377 These temples were called the Sarapieium and the temple of Zeno Urius; and they were on the present sites of the two Turkish forts which command the entrance to the Bosporus (Tozer).

378 But cp. "four stadia" in 2.5.23.

379 Now Galata.

380 The Golden Horn.

381 So the harbour of Brindisi (6.3.6).

382 A kind of tunny-fish.

383 Pharnacia (cp. 12.3.19).

384 Byzantium appears to have been founded about 659 B.C. (see Pauly-Wissowa, s.v.). According to Herodotus (4.144), Chalcedon (now Kadi Koi) was founded seventeen years earlier. Both were Megarian colonies.

385 i.e., "Hut," called by Ptolemaeus (3.11) and others "Cabyle"; to be identified, apparently, with the modern Tauschan-tépé, on the Toundja River.

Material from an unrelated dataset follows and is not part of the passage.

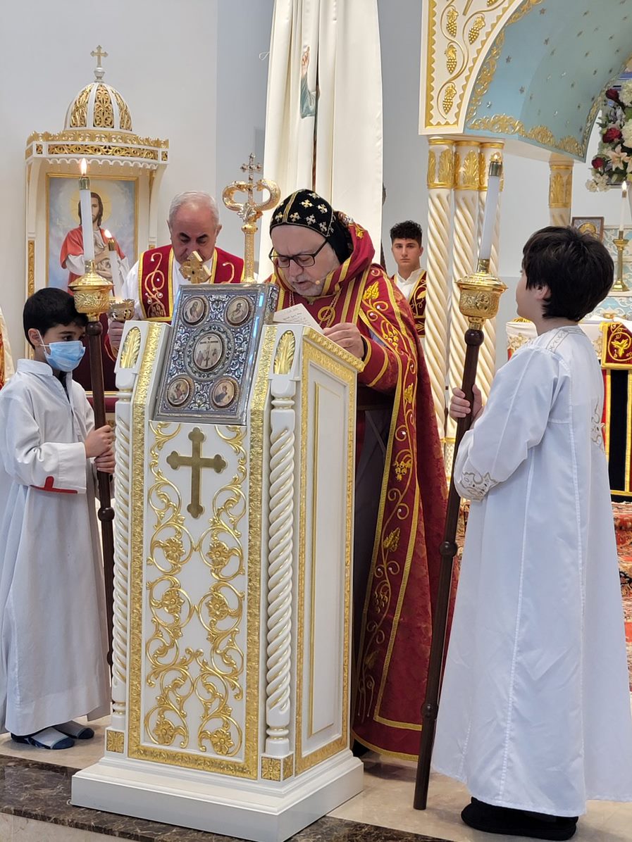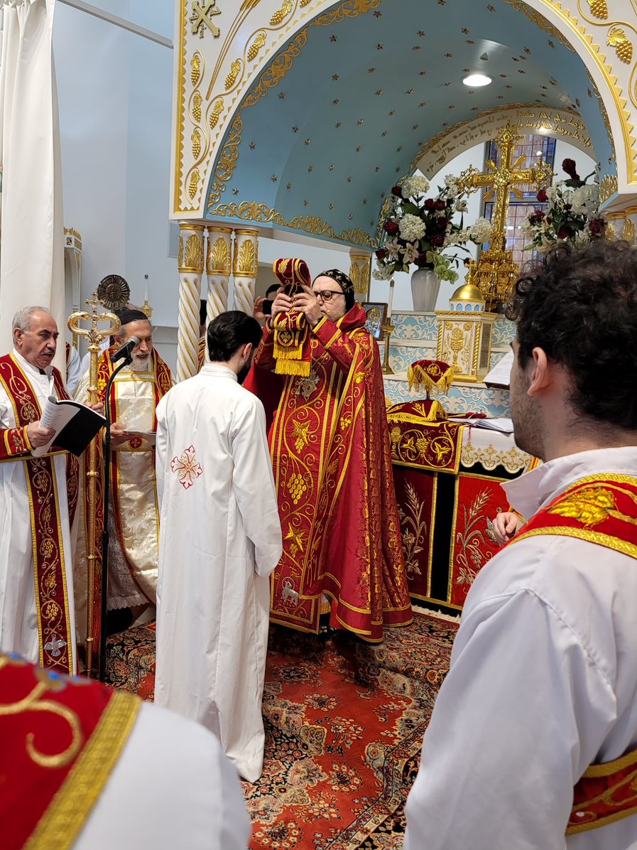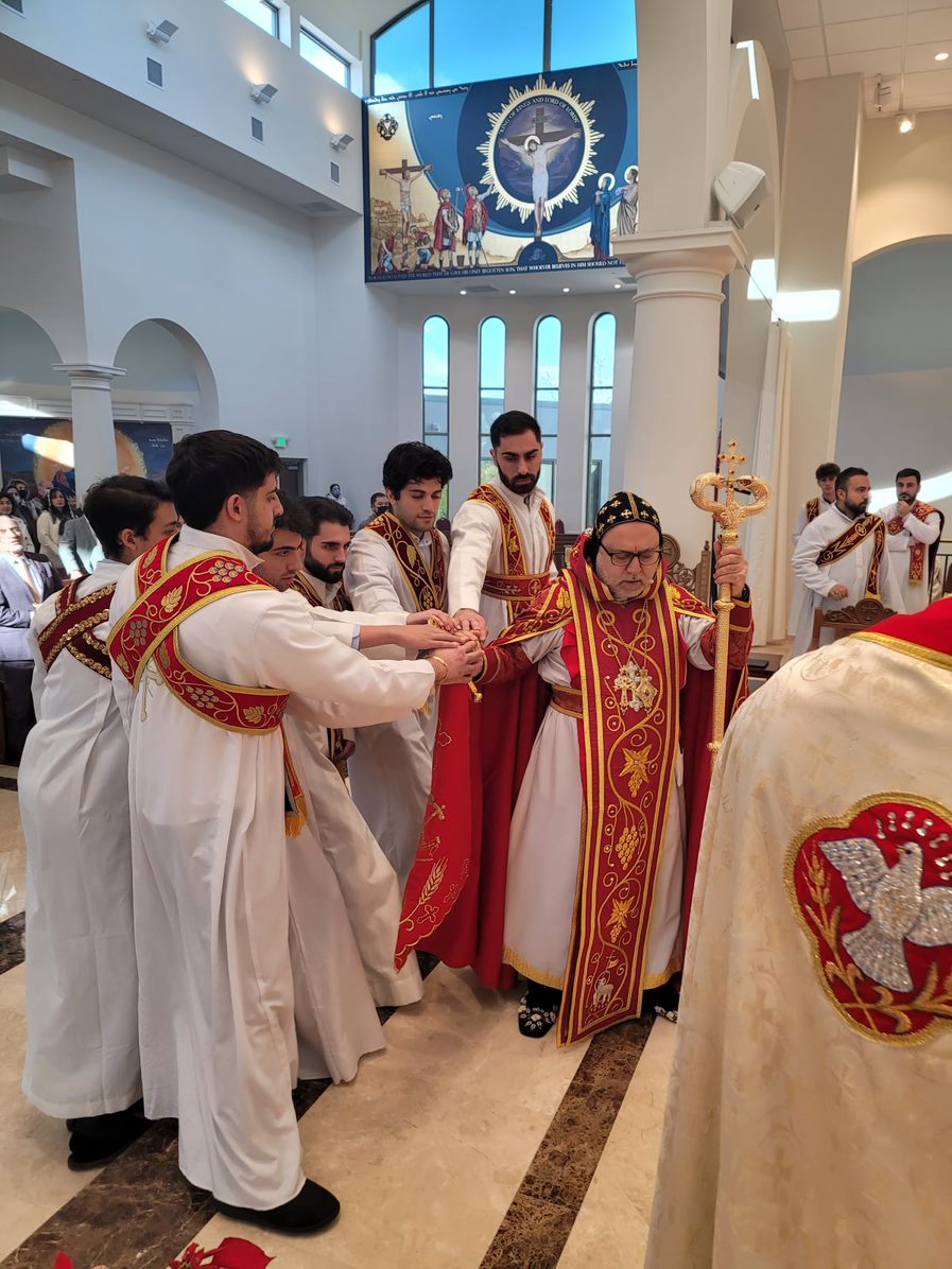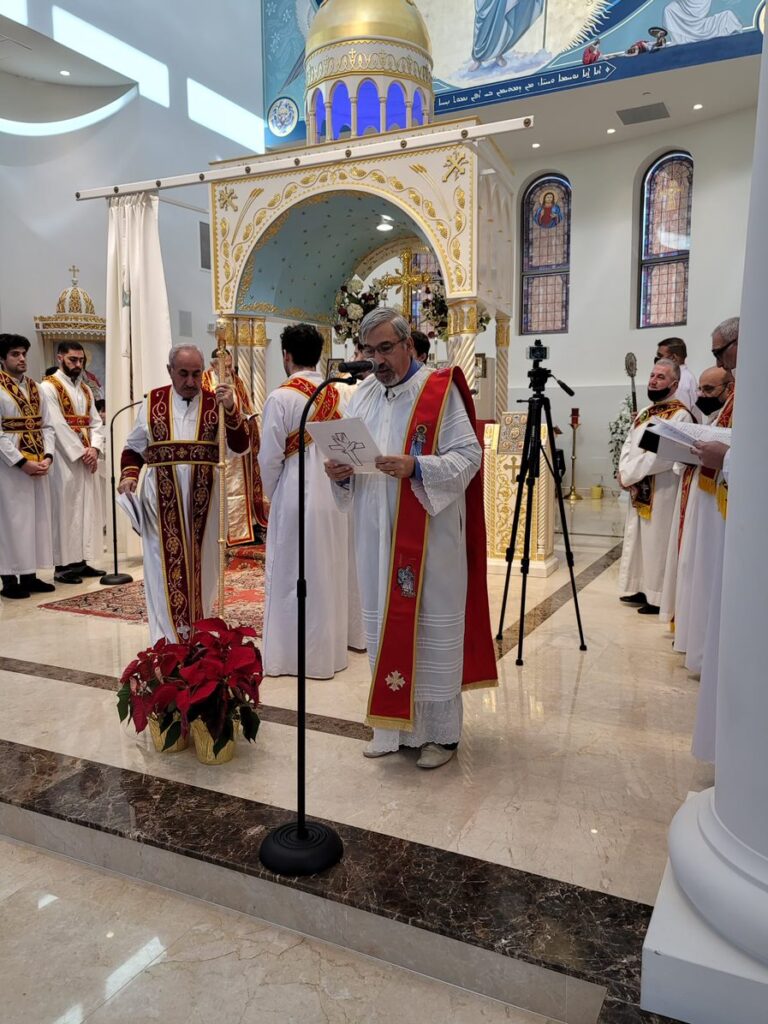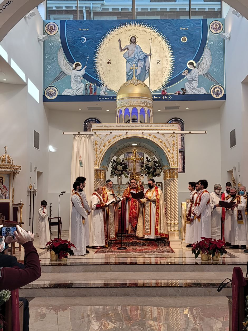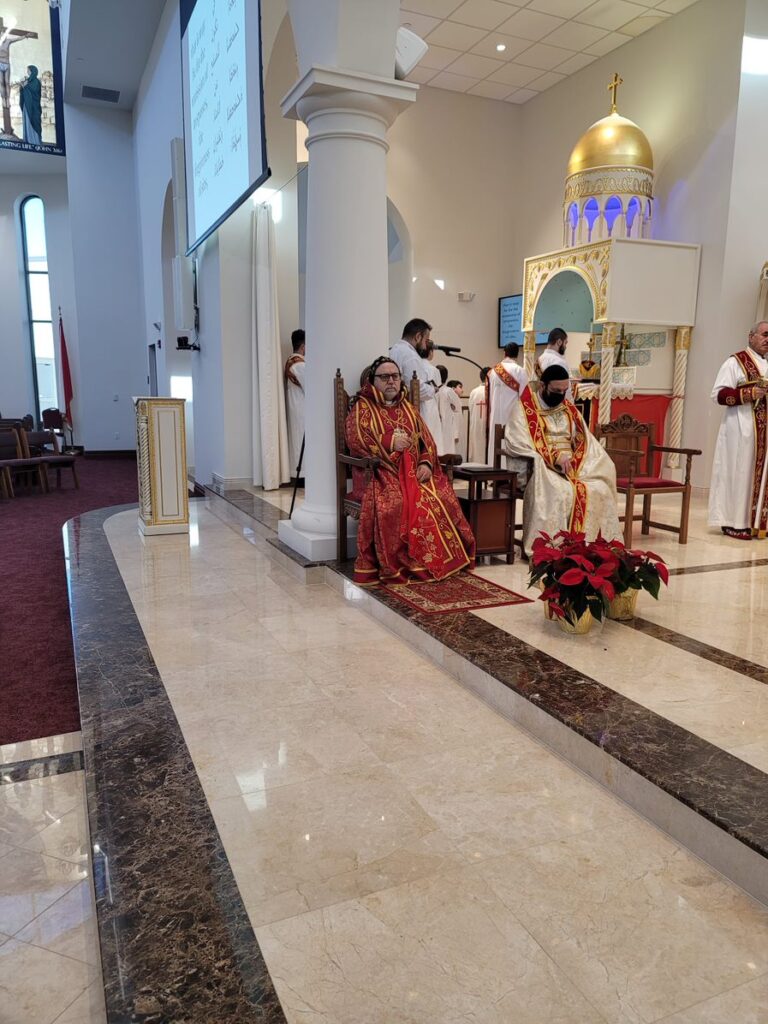 On Sunday December 19, 2021, His Eminence Mor Dionysius John Kawak assisted by Very Rev. Fr. Joseph Chamoun the Parish Priest and Rev. Fr. Gabriel Alkass, celebrated the Holy Qurobo at St. Mark’s Cathedral in Paramus, New Jersey. During the Qurobo, His Eminence ordained Gabriel Fermano, John Hanna, Stephen Mourad, Andrew Fermano, Gabriel Mourad, and Sebastian (Kenoro) Kiraz from the rank of Readers to the rank of Sub Deacons (Afidyakno). In his sermon, he spoke about the importance of serving the church as a deacon everyday by giving to the needy as well as visiting the sick to be a true disciple of Christ. He then congratulated the families and the deacons on their ordination.

386 Suidas (s.v. Δούλων πόλις) quotes Theopompus as saying that Philip founded in Thrace a small city called Poneropolis u285x ("City of Villains"), settling the same with about two thousand men — the false-accusers, false-witnesses, lawyers, and all other bad men; but Poneropolis is not to be identified with Cabyle if the positions assigned to the two places by Ptolemaeus (3.11) are correct. However, Ptolemaeus does not mention Poneropolis, but Philippopolis, which latter, according to Pliny (4.18), was the later name of Poneropolis.